In its place, a doctor must philosophically decide if she or he is to become a (1) discount, (2) service or (3) value-added provider, and then aggressively pursue this business cultural and competitive strategy. 

Here is the lowdown on three strategic competitive philosophical types: 

The Service Provider:  

A provider committed to a service philosophy must be willing to do whatever it takes to satisfy the patient. 

For example, this may mean providing weekend, weeknight, or holiday office hours, instead of a routine 9-5 schedule. House calls, hospital visits, prison calls and nursing home rounds would be included in this operational model.  

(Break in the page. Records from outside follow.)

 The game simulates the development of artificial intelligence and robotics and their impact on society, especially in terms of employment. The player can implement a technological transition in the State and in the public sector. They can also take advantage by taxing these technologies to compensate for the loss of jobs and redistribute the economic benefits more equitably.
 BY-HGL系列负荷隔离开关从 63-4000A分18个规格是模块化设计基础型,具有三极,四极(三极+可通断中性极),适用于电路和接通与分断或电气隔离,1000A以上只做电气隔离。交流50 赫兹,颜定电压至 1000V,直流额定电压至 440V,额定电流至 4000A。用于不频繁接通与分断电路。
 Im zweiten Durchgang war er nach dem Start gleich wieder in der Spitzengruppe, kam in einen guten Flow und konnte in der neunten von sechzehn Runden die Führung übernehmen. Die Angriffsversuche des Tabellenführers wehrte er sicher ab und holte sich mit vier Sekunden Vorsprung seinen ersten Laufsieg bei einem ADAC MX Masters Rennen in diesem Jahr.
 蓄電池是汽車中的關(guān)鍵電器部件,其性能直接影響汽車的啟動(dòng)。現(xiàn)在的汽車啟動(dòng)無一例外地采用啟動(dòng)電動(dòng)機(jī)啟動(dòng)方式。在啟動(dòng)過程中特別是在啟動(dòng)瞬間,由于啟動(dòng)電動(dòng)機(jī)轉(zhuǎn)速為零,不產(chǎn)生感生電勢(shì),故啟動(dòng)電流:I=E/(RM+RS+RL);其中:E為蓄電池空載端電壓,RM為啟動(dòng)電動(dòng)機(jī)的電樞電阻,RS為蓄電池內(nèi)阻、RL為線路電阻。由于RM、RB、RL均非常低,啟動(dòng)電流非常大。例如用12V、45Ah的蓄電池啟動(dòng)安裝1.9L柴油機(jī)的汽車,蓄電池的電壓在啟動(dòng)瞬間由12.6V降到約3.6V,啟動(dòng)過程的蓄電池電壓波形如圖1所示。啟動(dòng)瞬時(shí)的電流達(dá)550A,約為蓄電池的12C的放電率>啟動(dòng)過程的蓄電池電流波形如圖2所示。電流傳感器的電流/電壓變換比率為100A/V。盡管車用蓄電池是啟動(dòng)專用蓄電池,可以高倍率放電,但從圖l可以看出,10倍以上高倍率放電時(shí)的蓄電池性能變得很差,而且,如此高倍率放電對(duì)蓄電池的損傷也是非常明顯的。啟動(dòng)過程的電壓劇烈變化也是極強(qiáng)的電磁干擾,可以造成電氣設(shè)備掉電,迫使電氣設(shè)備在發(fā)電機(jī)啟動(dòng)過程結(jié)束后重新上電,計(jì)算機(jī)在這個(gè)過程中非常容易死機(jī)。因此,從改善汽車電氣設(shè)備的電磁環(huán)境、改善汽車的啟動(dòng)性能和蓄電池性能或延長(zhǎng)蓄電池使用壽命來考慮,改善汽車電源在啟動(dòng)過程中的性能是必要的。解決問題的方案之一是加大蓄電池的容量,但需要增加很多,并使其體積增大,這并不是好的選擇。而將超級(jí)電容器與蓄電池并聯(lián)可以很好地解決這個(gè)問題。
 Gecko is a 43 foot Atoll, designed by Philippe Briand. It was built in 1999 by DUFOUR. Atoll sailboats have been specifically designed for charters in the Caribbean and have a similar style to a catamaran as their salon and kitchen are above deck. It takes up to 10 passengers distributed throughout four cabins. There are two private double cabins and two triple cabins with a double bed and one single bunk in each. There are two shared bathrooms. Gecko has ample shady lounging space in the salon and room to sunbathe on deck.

In 2001, the number of physician house calls billed to Medicare in the aggregate was about 1.5 million annually, according to the American Association of Home Care Physicians. Since then it has doubled, and the national organization is getting more requests from doctors about house calls. Current membership stands at about 1,500 doctors.  The Medicare premium for home visits is about 1.5 times what it pays for office visits. 

In a real life example, Dr. Keri Miller DO, now an assistant professor of family and community medicine at the University of Georgia, School of Osteopathic Medicine, first began making house calls shortly after beginning practice, in 2003.  

In another example, high-tech companies, located in Silicon Valley and Southern California are even importing medical specialists, and mobile treatment facilities, onto their corporate campuses to care for workers. Children, elderly patients or those with mental, physical or chemically induced challenges are all fertile niches of a core service philosophy.  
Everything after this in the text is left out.